John Darvell, incident manager for the business, said this week spells trouble for the new year.
He said: "We just couldn't get through the traffic - he wasn't even at the port, and he wasn't even in the queue going to the port, he was heading out.
"Although they say local traffic can use the traffic lane, that's okay as long as you haven't got two vehicles stuck side by side and you can't get passed the traffic queue."
For breakdowns inside the Eurotunnel, delays on the county roads makes things all the more difficult.
Last week John handled a recovery of a lorry broken down in one of the departure lanes.
He said: "Not only have you got to get through TAP, you've got to get into Eurotunnel, into the departure lines for the train and actually fish them out of there."
John believes if congestion continues into 2021 as Kent's Police chief predicts, there will be more breakdowns as a result of vehicles waiting around for longer in long queues to the port.
And for NYR, not knowing how long a recovery job could take makes it difficult to price a job to a client.
"We just couldn't get through the traffic..."
For recovery jobs across the Channel, a lack of clarification from government means the business has no idea what the process will be.
John said: "We can go out empty without getting a Kent Access Permit or anything like it, but if we're taking a vehicle back to Europe that's broken down, then the original vehicle should have all of its documentation in place.
"But does that mean we're going to need documentation because we're the lead vehicle because of what he's got? Is what he's got what we need to submit? Nobody knows the answers."
A new approach?
One logistics company is predicting a change to the method of transporting goods following the end of the Brexit transition period.
Family-run Nicholls Transport in Sittingbourne no longer send their drivers overseas, instead relying on cross-continent partnerships to deliver their goods.
Utilising partnerships in the Belgian port of Zeebrugge, the company transport the freight to either Dover, Purfleet or Tilbury, where it is unloaded, shipped unaccompanied and then picked up and delivered on their behalf.

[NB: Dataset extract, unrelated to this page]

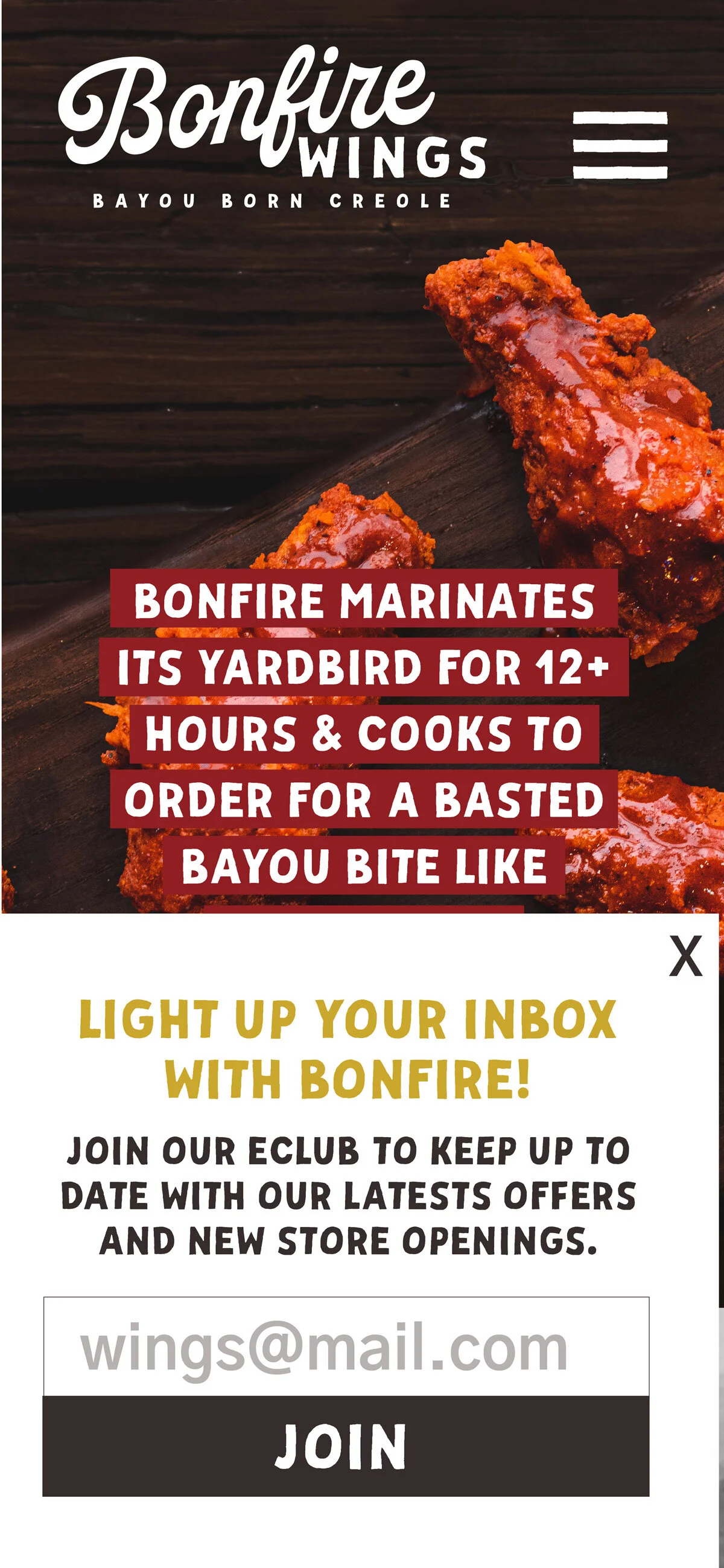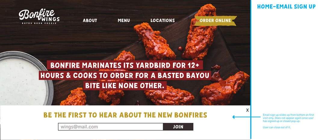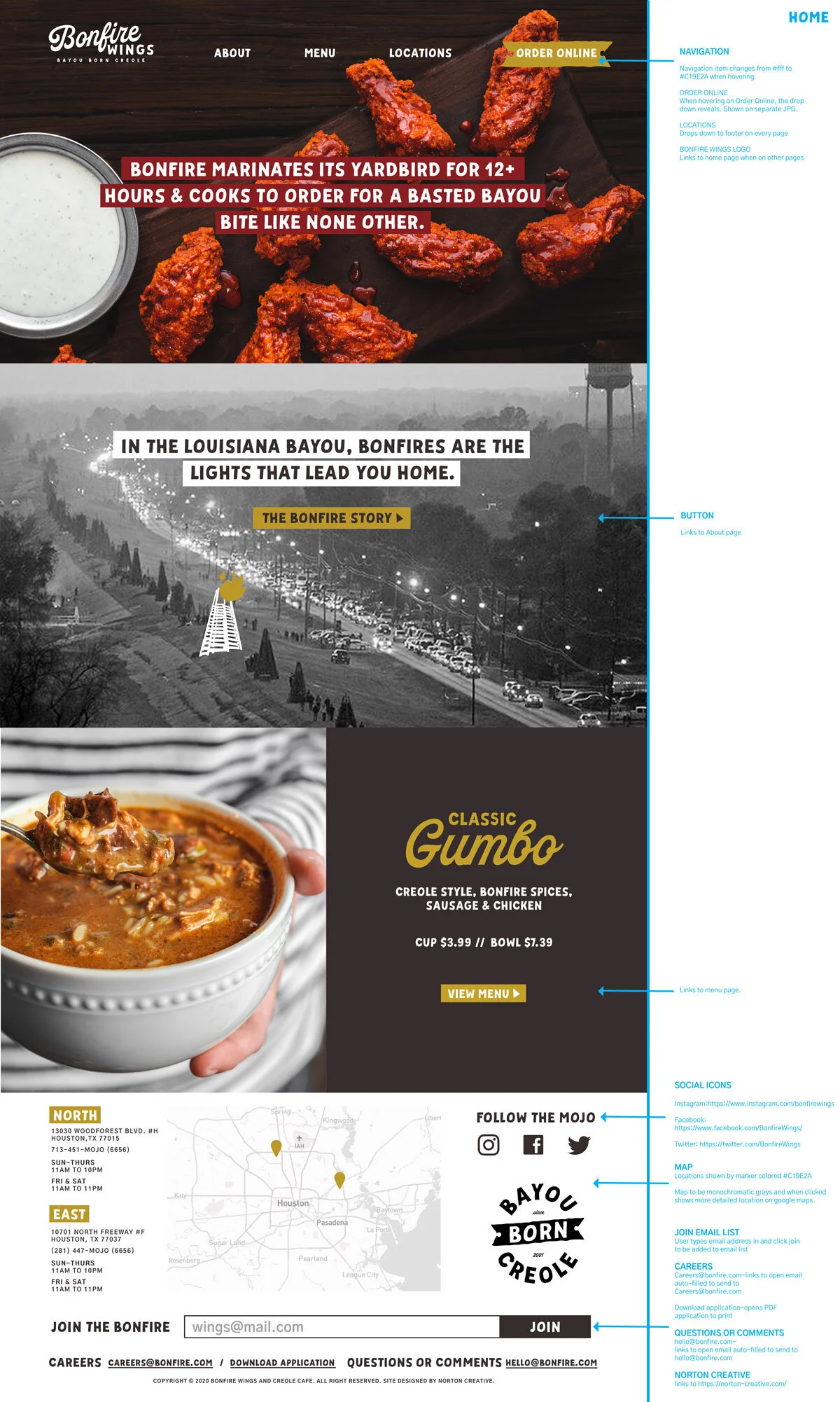 On the home page, we wanted to include a few sections to highlight the wings initially. Then learning about the Bonfire story for new patrons. And finally, a section highlighting their delicious gumbo. These sections would just be for the initial launch and could be easily updated by the client or our team with new content like limited-time menu items or an item they are pushing for that quarter.

Alex Nicholls, operations director of the logistics company, said a system of unaccompanied freight crossing the Channel could become the norm in the near future.
Mr Nicholls said: "None of our guys go abroad now, all the trailers get shipped out unaccompanied.
"You can have problems on the continent - fines, delays, I think all of this coming in from Europe is going to stop.
"I would have thought most of it would be coming in unaccompanied, but that's only a guess from us."
The logistics expert said he is not worried about his business in the new year though: "We're not concerned at all, if anything it's going to be good for the industry, because prices are shooting up left right and centre.
"The Europeans don't want to come over here because they can't get anything back out that pays any money, so it's going to work better for companies like us that are sending the trailers out unaccompanied."